Mr. Speaker, it is a pleasure to rise today to discuss the equalization bill. I join my colleagues on this side of the House in condemning the irresponsible panic the government uses to introduce legislation in this place. To compound that, about an hour ago we had the 46th time that time allocation or closure has been moved since the Liberals took power in 1993.
There is a list of comments that could be made by the members from that side in the way they handled time allocation when it was used against them in a couple of government situations before that. I will not get into that today.
This is not the first time this cabinet has waited until the last minute to bring in time sensitive financial bills with no consultation or material circulated so that all members of parliament and their constituents can get a good, hard look at what is being proposed.

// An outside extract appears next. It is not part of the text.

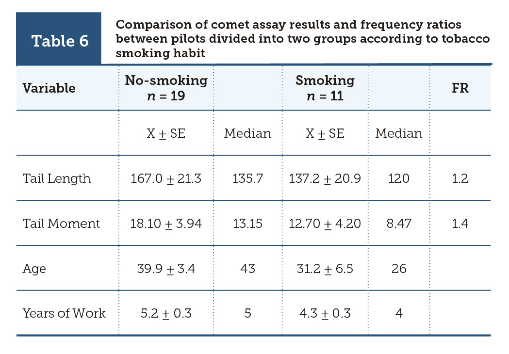 | Table 6 | Comparison of comet assay results and frequency ratios between pilots divided into two groups according to tobacco smoking habit |

In the case of Bill C-65 we have the even greater absurdity of having this dumped in our laps, so the government knew it would have to take a look at the equalization legislation formula every five years. We knew this was coming. It is nothing new.
The auditor general several times has reminded the government through his annual recommendations to reform the structure of equalization, but like so many other worthwhile things that he has had to say lately, it has been totally ignored.
The opposition and by extension all Canadians outside government circles were given three sitting days notice to consider $35 billion in spending that will extend well into the mandate of the next government. As the old saw goes, haste makes waste, and this government has made haste an art form.
Bill C-65 introduces some new variables into an equation that is already so complex that even its authors have trouble understanding it. How else can we explain the fact that three years out of five the formula for figuring out the amounts to be doled out has to resort to exceptions and special definitions.
The formula, in other words, cannot even describe what the government has in mind for all this money it hands out. I equate this equalization system with the so-called simplicity of the new gun registry which one member opposite compared to the simplicity of the tax code. It never seems to occur to this government that there is something wrong with a tax code that runs to 1,600 pages and still requires thousands of legal opinions every year.
It does not seem to bother this government that it has spent $200 million on a gun registry with more waste on the way as it struggles to make it work. No one knows exactly what is supposed to be accomplished by it.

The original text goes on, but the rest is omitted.